● **The task**
A picture should never appear in your copy. Transcribe the listing exactly from its first line through the line with "από το 1934.", both ends included.

● **Supplied records**
= Beginning of Section =
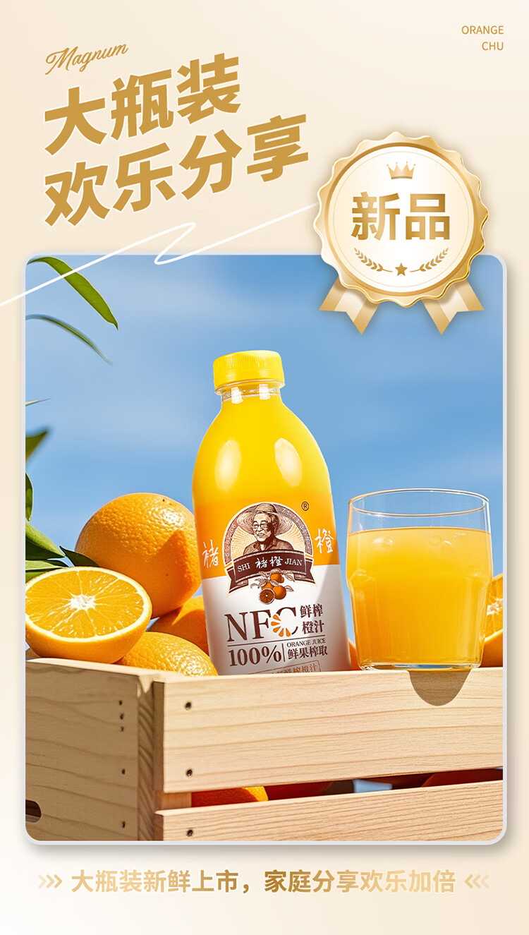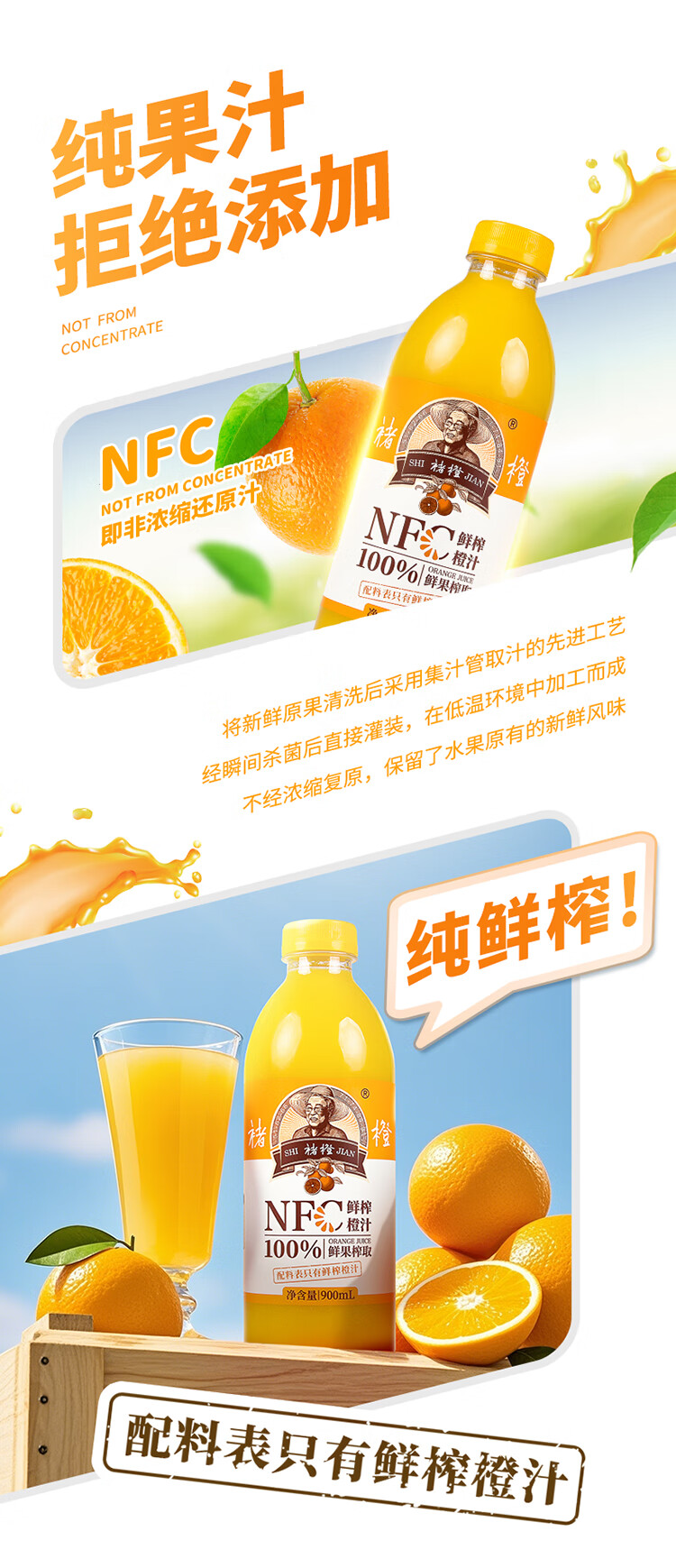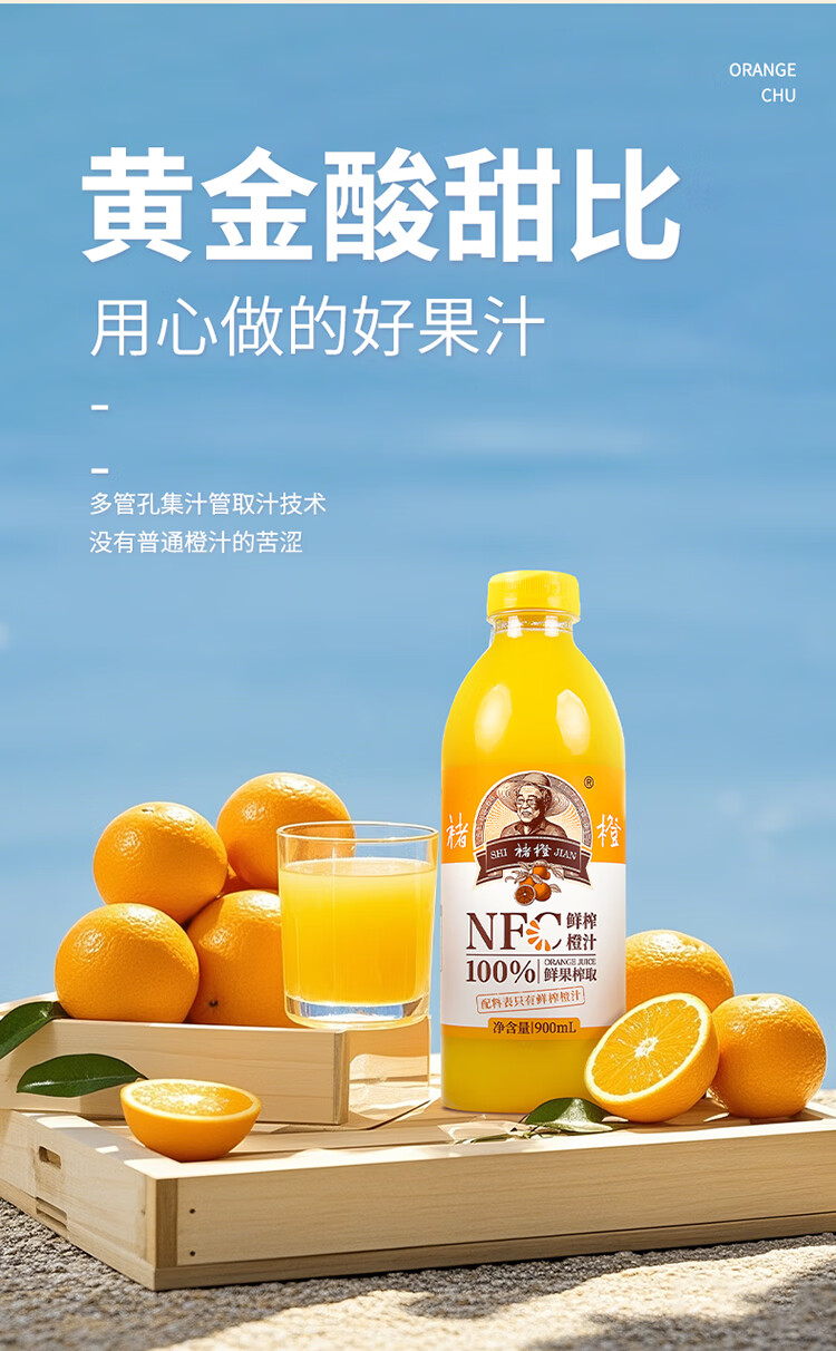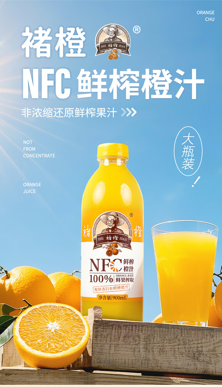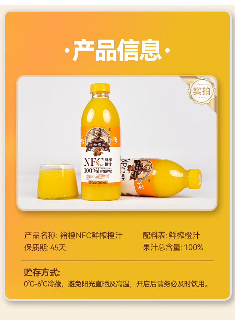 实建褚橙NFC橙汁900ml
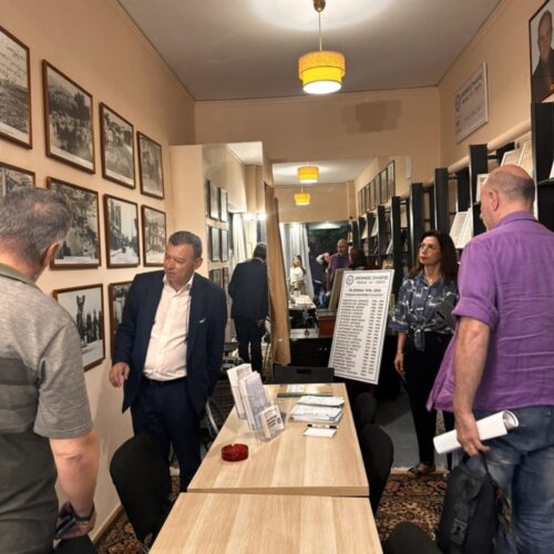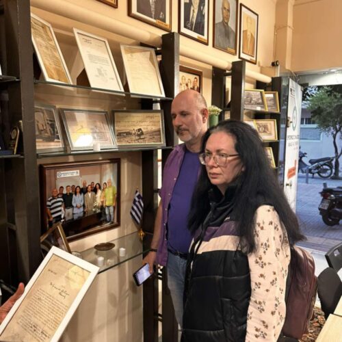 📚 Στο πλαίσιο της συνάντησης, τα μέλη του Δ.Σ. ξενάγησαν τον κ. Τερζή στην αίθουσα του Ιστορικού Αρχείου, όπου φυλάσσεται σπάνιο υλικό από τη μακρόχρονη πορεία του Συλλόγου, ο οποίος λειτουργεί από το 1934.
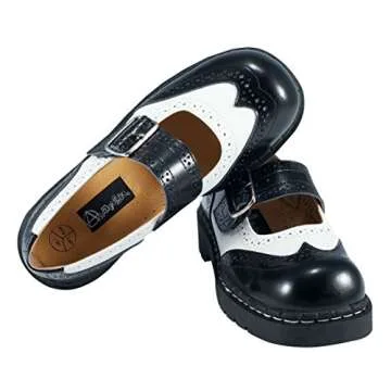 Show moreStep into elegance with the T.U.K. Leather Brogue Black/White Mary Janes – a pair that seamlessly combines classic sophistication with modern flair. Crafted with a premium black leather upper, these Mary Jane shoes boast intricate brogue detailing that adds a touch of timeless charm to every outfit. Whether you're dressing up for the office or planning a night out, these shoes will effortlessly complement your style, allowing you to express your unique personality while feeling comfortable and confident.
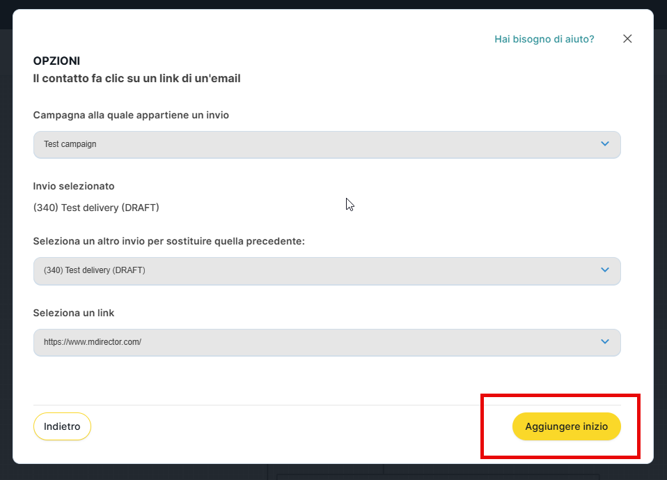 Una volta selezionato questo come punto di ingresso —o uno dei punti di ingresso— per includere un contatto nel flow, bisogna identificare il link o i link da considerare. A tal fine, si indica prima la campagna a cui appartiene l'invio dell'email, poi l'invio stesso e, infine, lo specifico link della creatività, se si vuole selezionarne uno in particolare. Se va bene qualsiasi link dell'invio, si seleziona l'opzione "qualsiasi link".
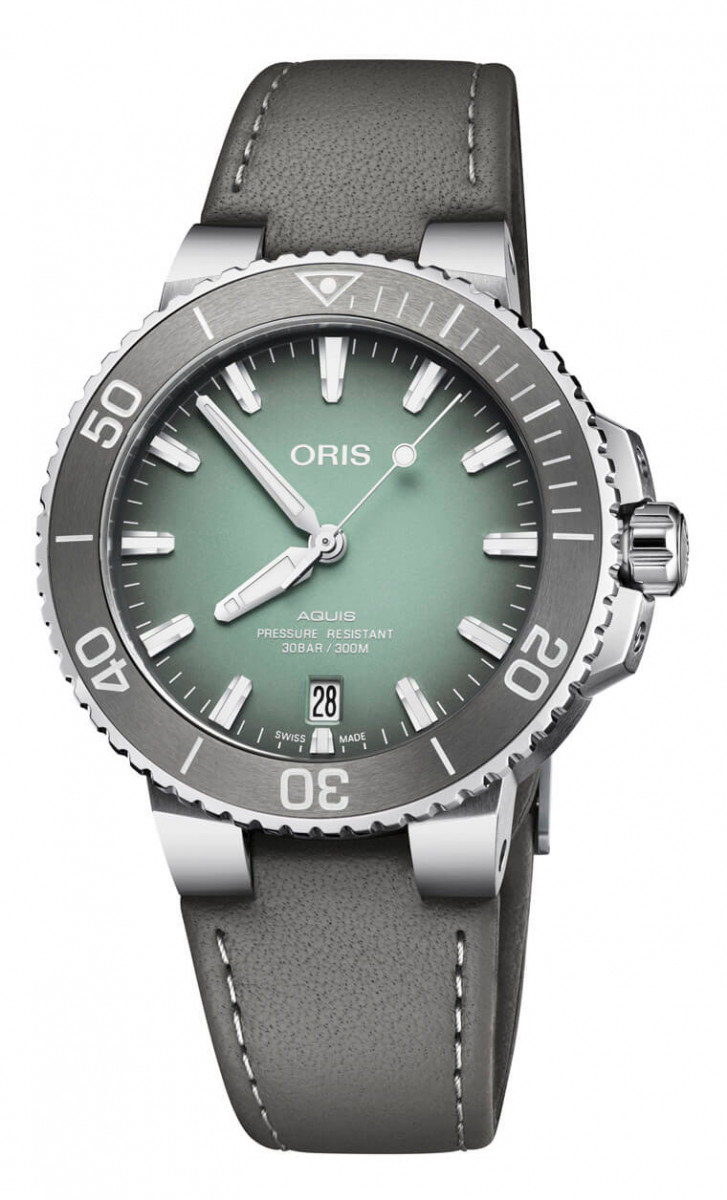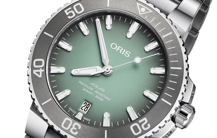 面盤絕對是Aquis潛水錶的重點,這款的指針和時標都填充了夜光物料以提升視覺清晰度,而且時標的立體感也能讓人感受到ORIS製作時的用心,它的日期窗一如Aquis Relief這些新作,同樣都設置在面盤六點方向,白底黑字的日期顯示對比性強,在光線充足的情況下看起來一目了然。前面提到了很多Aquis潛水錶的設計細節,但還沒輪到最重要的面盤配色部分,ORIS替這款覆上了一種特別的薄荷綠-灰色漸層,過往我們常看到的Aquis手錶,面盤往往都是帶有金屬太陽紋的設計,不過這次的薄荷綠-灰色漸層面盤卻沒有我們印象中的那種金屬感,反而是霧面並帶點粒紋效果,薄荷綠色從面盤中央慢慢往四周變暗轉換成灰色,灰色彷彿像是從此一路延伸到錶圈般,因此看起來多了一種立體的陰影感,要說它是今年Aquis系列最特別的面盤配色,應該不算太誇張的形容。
= End of Section =
● **Response to this task**
 实建褚橙NFC橙汁900ml
 📚 Στο πλαίσιο της συνάντησης, τα μέλη του Δ.Σ. ξενάγησαν τον κ. Τερζή στην αίθουσα του Ιστορικού Αρχείου, όπου φυλάσσεται σπάνιο υλικό από τη μακρόχρονη πορεία του Συλλόγου, ο οποίος λειτουργεί από το 1934.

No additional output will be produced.